I stopped for a while to study the light here under these trees. Not much light enters the canopy about 20 to 30 feet above me, so I’m amazed at the lush vegetation growing on the floor. Not even my camera could eat enough light here. I was forced to tweak my camera settings to capture photos. And yet, this short road segment just before the bridge is full of vigor and life. Making do with what light I found, I crossed the bridge and continued walking.



I heard a child calling from across the hill as I approached the first settlement. Suddenly, his calls were swallowed by the deafening explosion of a firecracker. A woman tending to her garden nearby didn’t seem bothered by the blast.



Here at ilaya, I noticed that moments of deep silence occur more often. Even in between the explosion of a firecracker, one could find this silence. I think that this silence is enduring because of the forest. The bushes, the vines, and the towering trees embrace me as I walk, and I feel like I’ve entered a capsule of wood and leaves that insulate me from the outside world.

Whenever I’m overwhelmed by the sound of the streets, even by the monotony inside my room, I walk toward Mt. Makiling and cling to her limbs, where I might hear that voice fading within me once more.

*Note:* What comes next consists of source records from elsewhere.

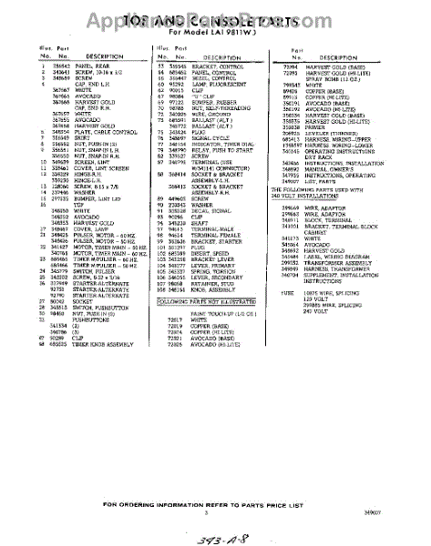 Parts for Whirlpool LAI9811W0: 03 - Lit / Optional Parts
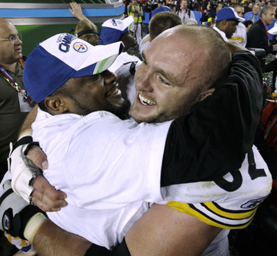 The Steelers lead 10-7, but after Roethlisberger throws an interception, Warner drives the Cardinals to first-and-goal at the 1. (Will Warner have a brain cramp on the goal line? Bet on it.)
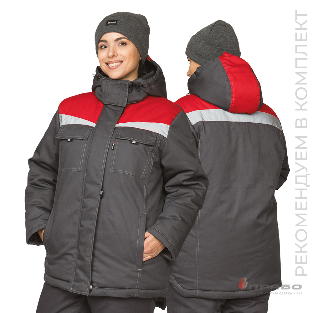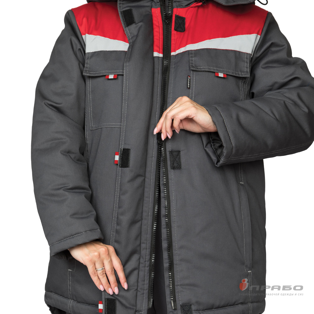 Куртка женская утеплённая "Профессионал" тёмно-серая/красная (ЧЗ) ПРАБО (104-108/158-164)
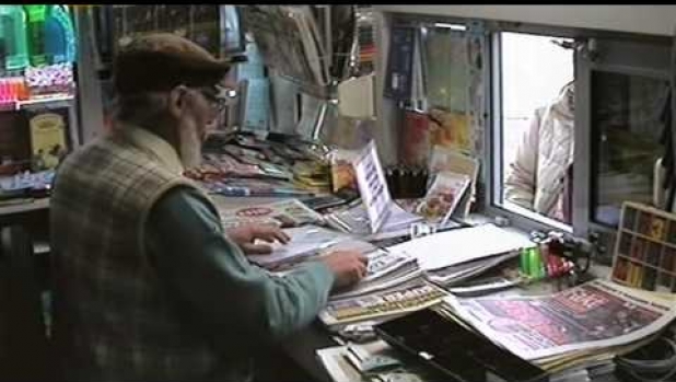 Jerzy Kryszak przebrany aby go nie rozpoznano, wciela się w kioskarza robiąc sobie żarty z przechodniów...
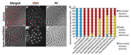 As most of the Nups are well-conserved in Drosophila, we decided to investigate the role of the NPC in spermatogenesis using this model animal that allows well-advanced genetic analyses [,,]. A previous study using spermatocyte-specific RNAi experiments investigated whether the depletion of the 30 Nups affected the progression of premeiotic cells through meiosis []. The authors reported that the depletion of all three members of the Nup62 complex, but not of other Nups, resulted in the absence of meiotic cysts in their testes. However, the mechanism underlying the absence of meiotic cells in testes depleted of the Nup62 complex is not known. Drosophila spermatogenesis commences from the unequal division of germline stem cells localized at the tip of the testis. After four rounds of mitosis of the spermatogonium, one of the two daughter cells of the stem cells differentiate, and the resultant 16 cells form a single cell unit called the cyst. Every spermatocyte in a cyst undergoes cell growth synchronously, and subsequently they initiate the first meiotic division at the same time. Consequently, 32 cells are generated after the completion of the first meiotic division. Finally, 64 post-meiotic cells called spermatids are made in the cyst [,,,]. Whether meiotic divisions have been performed twice, once, or not even once can be judged by counting the number of post-meiotic cells present in a spermatid cyst.

Walking on ilaya today, I hear my voice even when I hear the cutting of grasses. I hear it even as I ask these boys what they’re reaching on a high branch of a young tree. Spiders, one of them said. Then why are you hunting them while in your best clothes? I asked. Aren’t you going to church? No, they said. We’re not going to church.



It has probably been over a year since I last walked Jamboree Road. I’m pretty sure I never set foot on this path the previous year. The last time I walked here alone, it was night. I started walking on the same track but began late in the afternoon. When I finished my first tour of the Boy Scouts of the Philippines camping site and entered the larger Jamboree Road, it was really dark. Fortunately, it was a full moon, and the sky was clear. The moon shining beautifully was enough to make that walk magical. But the small lights on the floor of the road made that walk even spellbinding. No vehicle passed by for more than 30 minutes, and the road was left for me alone. I walked to the side, but my eyes were fixated on the lights. It was like walking on top of a dark sky guided by stars.



Someone built a cafe on Jamboree Road. It is the only large establishment here. Being among shanties and fruit stalls, it definitely seems out of place. A sign on their door says the cafe should be open now. Instead, I saw the quietest and emptiest chunk of concrete ever.



I started this series of walks with a question: What sustains me in Los Baños?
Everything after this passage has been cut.